| Exercise aim |
Transcribe each line below verbatim; pictures excluded.

| Data shown |
- - -

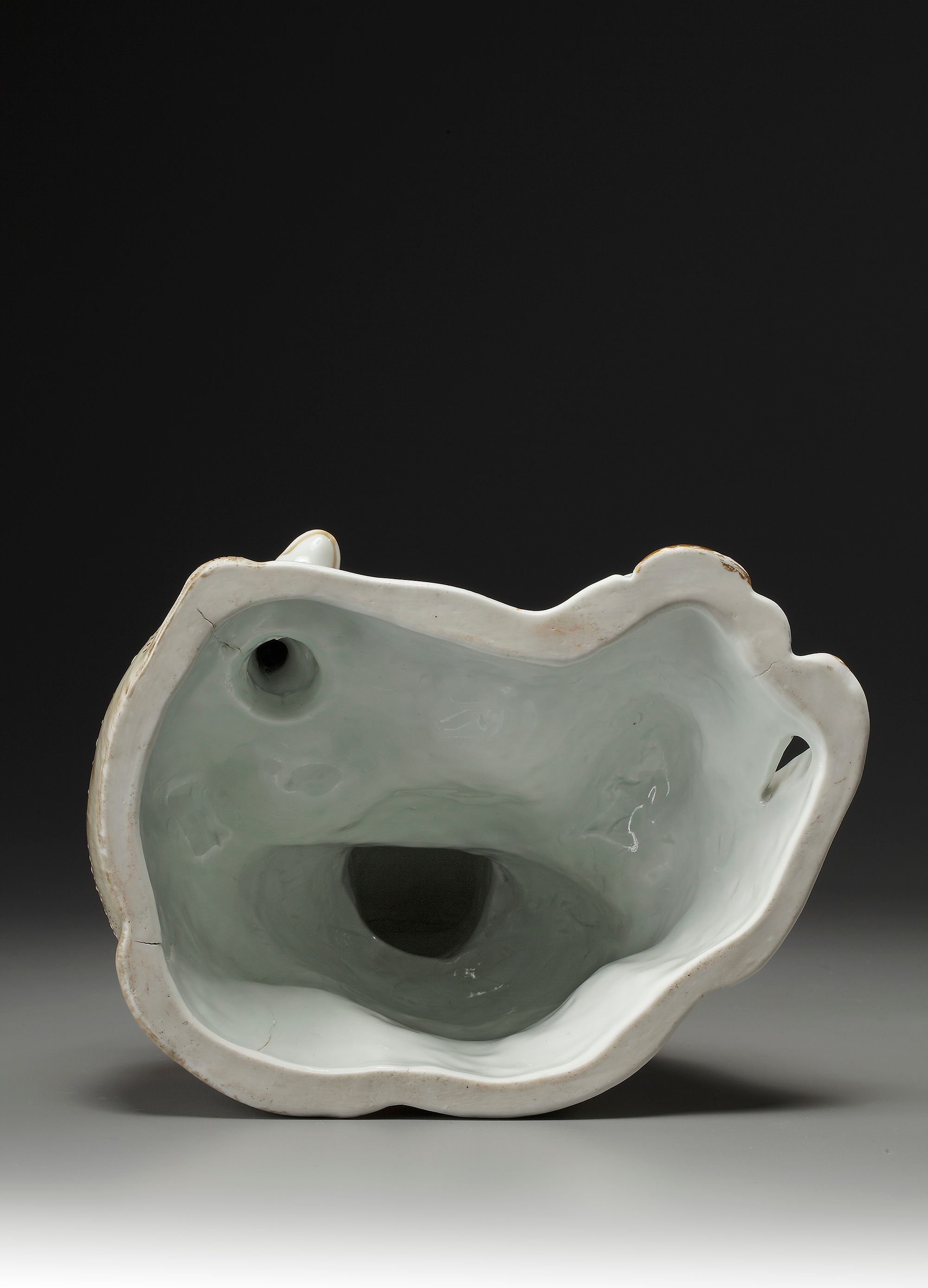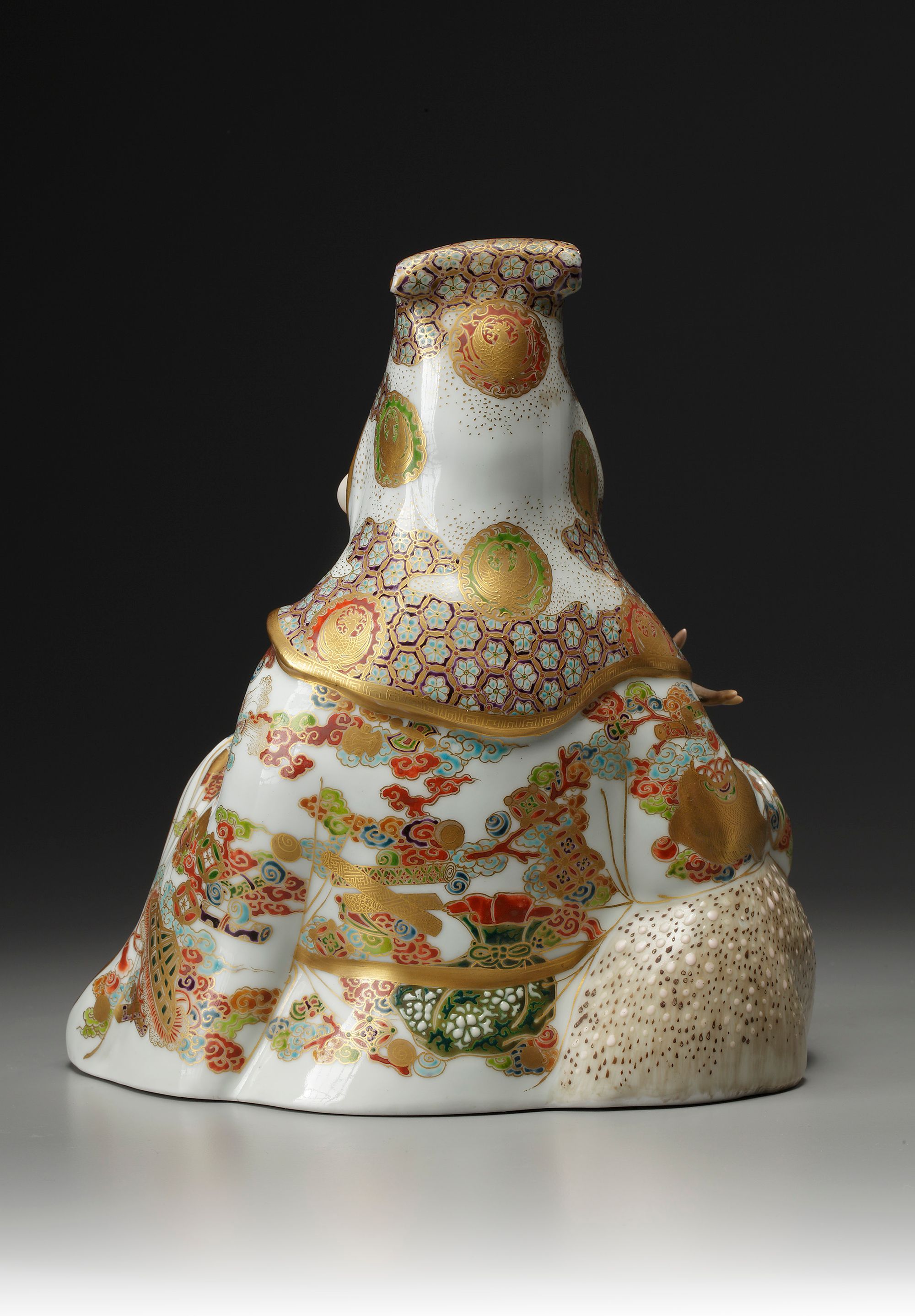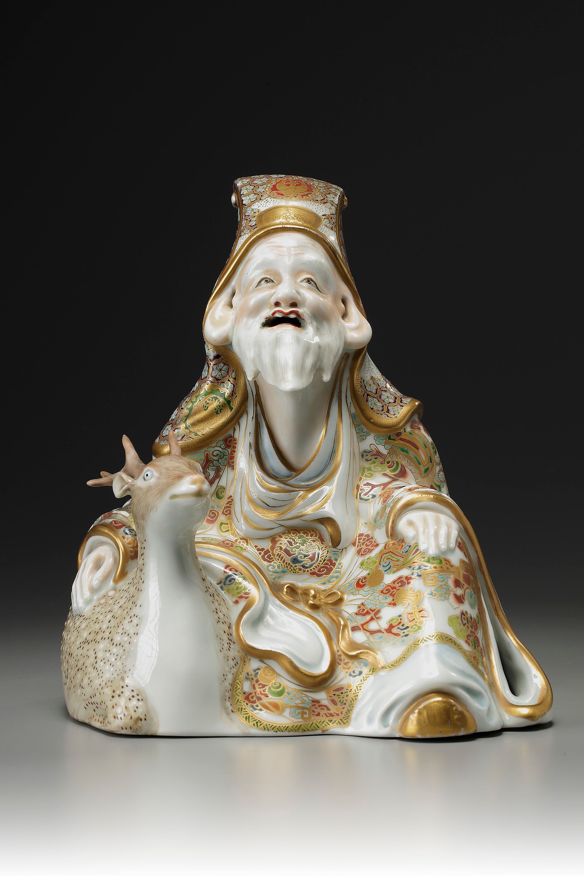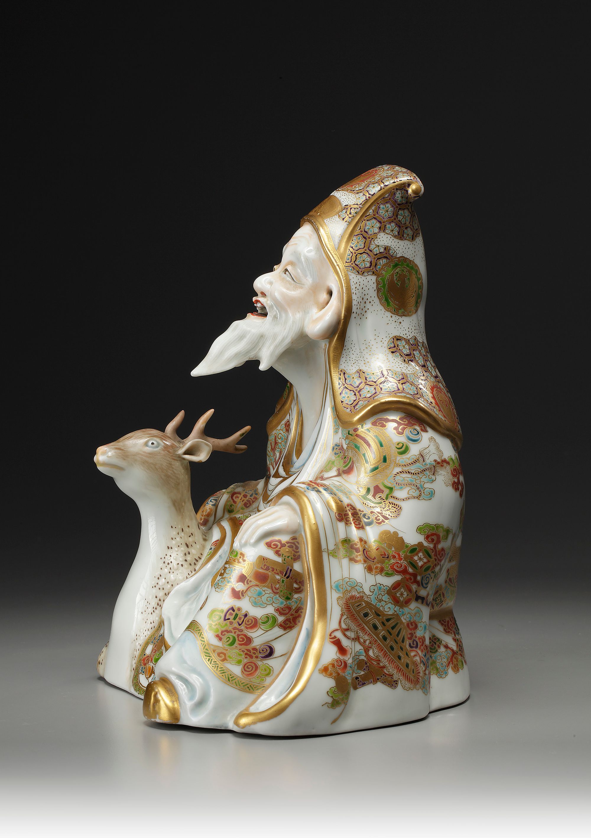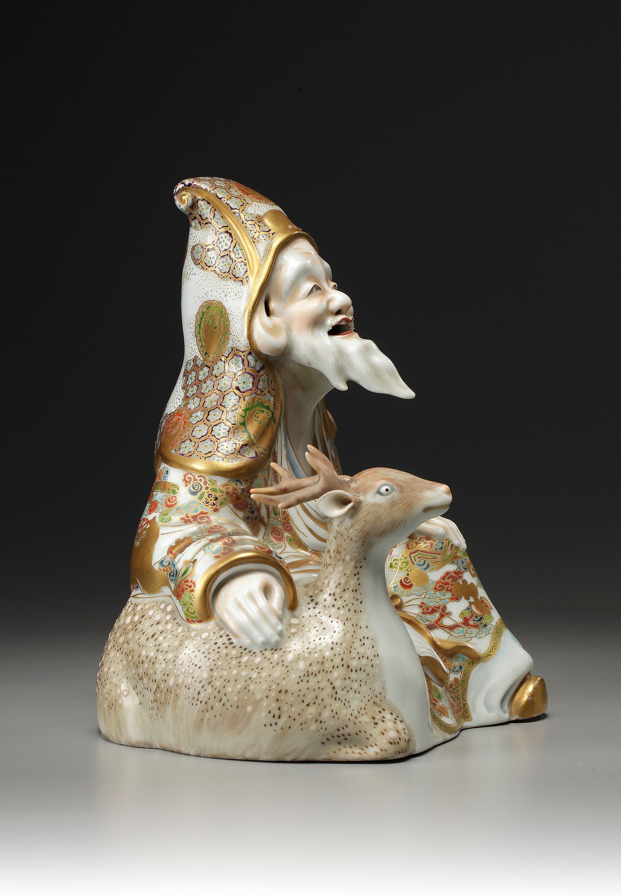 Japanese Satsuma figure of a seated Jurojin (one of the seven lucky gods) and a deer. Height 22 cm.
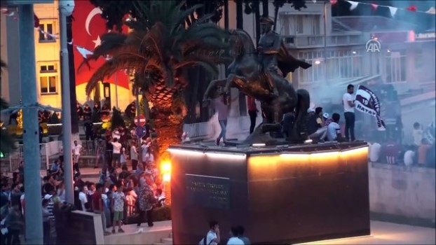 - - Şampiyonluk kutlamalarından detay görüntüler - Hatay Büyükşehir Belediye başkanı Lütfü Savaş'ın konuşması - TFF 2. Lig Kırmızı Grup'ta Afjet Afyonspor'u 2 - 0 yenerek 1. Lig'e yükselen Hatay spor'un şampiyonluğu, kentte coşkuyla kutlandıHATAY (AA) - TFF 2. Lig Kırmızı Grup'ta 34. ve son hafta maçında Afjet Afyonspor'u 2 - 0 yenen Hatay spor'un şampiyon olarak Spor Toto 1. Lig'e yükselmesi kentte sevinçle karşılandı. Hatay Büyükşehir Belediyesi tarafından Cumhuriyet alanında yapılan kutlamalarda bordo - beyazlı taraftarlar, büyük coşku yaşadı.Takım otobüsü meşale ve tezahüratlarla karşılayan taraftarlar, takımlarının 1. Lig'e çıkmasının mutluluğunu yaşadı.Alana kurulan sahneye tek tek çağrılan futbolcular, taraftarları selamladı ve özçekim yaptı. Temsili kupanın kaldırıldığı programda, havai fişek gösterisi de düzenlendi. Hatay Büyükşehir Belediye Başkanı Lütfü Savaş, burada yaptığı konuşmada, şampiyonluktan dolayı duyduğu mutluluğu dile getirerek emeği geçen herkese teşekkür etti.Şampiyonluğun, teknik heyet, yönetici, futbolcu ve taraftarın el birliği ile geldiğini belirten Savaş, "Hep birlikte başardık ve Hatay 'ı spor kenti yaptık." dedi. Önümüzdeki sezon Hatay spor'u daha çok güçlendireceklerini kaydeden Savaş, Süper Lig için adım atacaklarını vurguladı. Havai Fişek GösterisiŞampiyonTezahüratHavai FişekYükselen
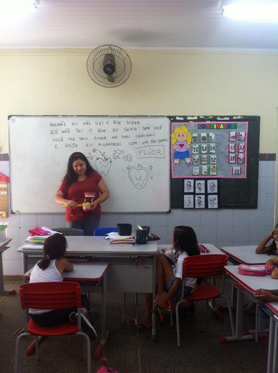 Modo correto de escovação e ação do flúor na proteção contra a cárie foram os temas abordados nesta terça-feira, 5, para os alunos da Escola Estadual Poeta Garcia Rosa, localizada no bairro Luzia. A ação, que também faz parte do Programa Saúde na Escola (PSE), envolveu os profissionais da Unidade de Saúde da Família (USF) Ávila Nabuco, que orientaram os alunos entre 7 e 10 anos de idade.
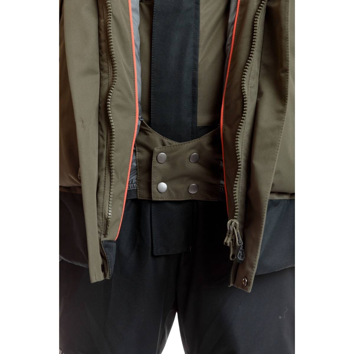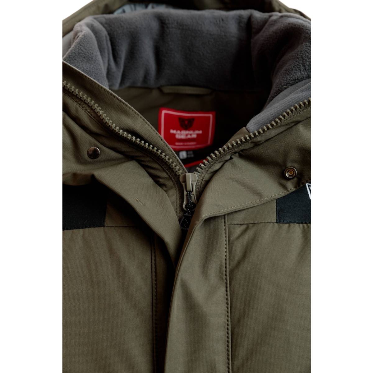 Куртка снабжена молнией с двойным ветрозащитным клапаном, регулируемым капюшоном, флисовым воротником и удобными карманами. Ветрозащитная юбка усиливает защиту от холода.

- - -

| Your solution |
 Japanese Satsuma figure of a seated Jurojin (one of the seven lucky gods) and a deer. Height 22 cm.
 - - Şampiyonluk kutlamalarından detay görüntüler - Hatay Büyükşehir Belediye başkanı Lütfü Savaş'ın konuşması - TFF 2. Lig Kırmızı Grup'ta Afjet Afyonspor'u 2 - 0 yenerek 1. Lig'e yükselen Hatay spor'un şampiyonluğu, kentte coşkuyla kutlandıHATAY (AA) - TFF 2. Lig Kırmızı Grup'ta 34. ve son hafta maçında Afjet Afyonspor'u 2 - 0 yenen Hatay spor'un şampiyon olarak Spor Toto 1. Lig'e yükselmesi kentte sevinçle karşılandı. Hatay Büyükşehir Belediyesi tarafından Cumhuriyet alanında yapılan kutlamalarda bordo - beyazlı taraftarlar, büyük coşku yaşadı.Takım otobüsü meşale ve tezahüratlarla karşılayan taraftarlar, takımlarının 1. Lig'e çıkmasının mutluluğunu yaşadı.Alana kurulan sahneye tek tek çağrılan futbolcular, taraftarları selamladı ve özçekim yaptı. Temsili kupanın kaldırıldığı programda, havai fişek gösterisi de düzenlendi. Hatay Büyükşehir Belediye Başkanı Lütfü Savaş, burada yaptığı konuşmada, şampiyonluktan dolayı duyduğu mutluluğu dile getirerek emeği geçen herkese teşekkür etti.Şampiyonluğun, teknik heyet, yönetici, futbolcu ve taraftarın el birliği ile geldiğini belirten Savaş, "Hep birlikte başardık ve Hatay 'ı spor kenti yaptık." dedi. Önümüzdeki sezon Hatay spor'u daha çok güçlendireceklerini kaydeden Savaş, Süper Lig için adım atacaklarını vurguladı. Havai Fişek GösterisiŞampiyonTezahüratHavai FişekYükselen
 Modo correto de escovação e ação do flúor na proteção contra a cárie foram os temas abordados nesta terça-feira, 5, para os alunos da Escola Estadual Poeta Garcia Rosa, localizada no bairro Luzia. A ação, que também faz parte do Programa Saúde na Escola (PSE), envolveu os profissionais da Unidade de Saúde da Família (USF) Ávila Nabuco, que orientaram os alunos entre 7 e 10 anos de idade.
 Куртка снабжена молнией с двойным ветрозащитным клапаном, регулируемым капюшоном, флисовым воротником и удобными карманами. Ветрозащитная юбка усиливает защиту от холода.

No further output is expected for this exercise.